Bagaimana pandangan penganut kuantitatif tentang fakta? Dalam penelitian kuantitatif diyakini sejumlah asumsi sebagai dasar otologisnya dalam melihat fakta atau gejala. Asumsi-asumsi dimaksud adalah; (1) obyek-obyek tertentu mempunyai keserupaan satu sama lain, baik bentuk, struktur, sifat maupun dimensi lainnya; (2) suatu benda atau keadaan tidak mengalami perubahan dalam jangka waktu tertentu; dan (3) suatu gejala bukan merupakan suatu kejadian yang bersifat kebetulan, melainkan merupakan akibat dari faktor-faktor yang mempengaruhinya. Jadi diyakini adanya determinisme atau proses sebab-akibat (causalitas)[9]. Dalam kaitannya dengan poin terakhir, lebih jauh Russel Keat & John Urry, seperti dikutip oleh Tomagola, mengemukakan bahwa setiap individual event/case tidak mempunyai eksistensi sendiri yang lepas terpisah dari kendali empirical regularities.
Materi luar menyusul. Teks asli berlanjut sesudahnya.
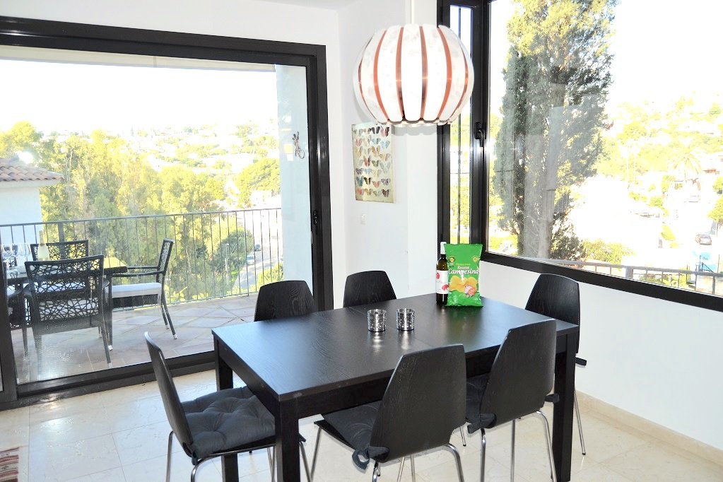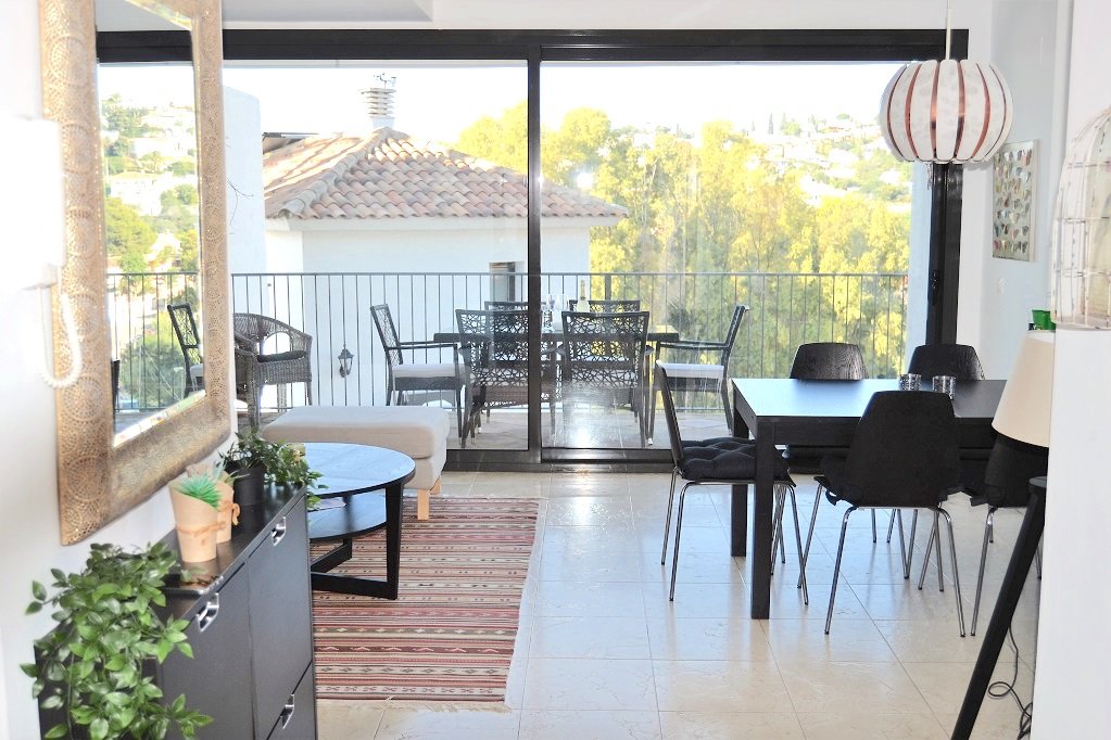 Boligen indeholder dejligt lyst fuldt udstyret køkken. Lys stue med sofaarrangemet og TV. Stor terrasse med havemøbler og weber grill fra hvor man har en udsøgt udsigt over bjergkammen bag Mijas og Fuengirola. Gæstetoilet. Master bedroom med ensuite badeværelse og indbyggede garderobeskabe og yderligere 2 soveværelser med enkelt senge og garderobeskabe samt 2 badeværelser. Boligen er fuldt udstyret med aircondition. WIFI/internet. Privat parkering. Boligen er møbleret i skandinavisk stil.

Tiap individual event/case hanyalah manifestasi atau contoh dari adanya suatu empirical regularities[10].

Sejalan dengan penjelasan di atas, secara epistemologi, paradigma kuantitatif berpandangan bahwa sumber ilmu itu terdiri dari dua, yaitu pemikiran rasional data empiris. Karena itu, ukuran kebenaran terletak pada koherensi dan korespondensi. Koheren besarti sesuai dengan teori-teori terdahulu, serta korespondens berarti sesuai dengan kenyataan empiris. Kerangka pengembangan ilmu itu dimulai dari proses perumusan hipotesis yang deduksi dari teori, kemudian diuji kebenarannya melalui verifikasi untuk diproses lebih lanjut secara induktif menuju perumusan teori baru. Jadi, secara epistemologis, pengembangan ilmu itu berputar mengikuti siklus; logico, hypothetico, verifikatif[11].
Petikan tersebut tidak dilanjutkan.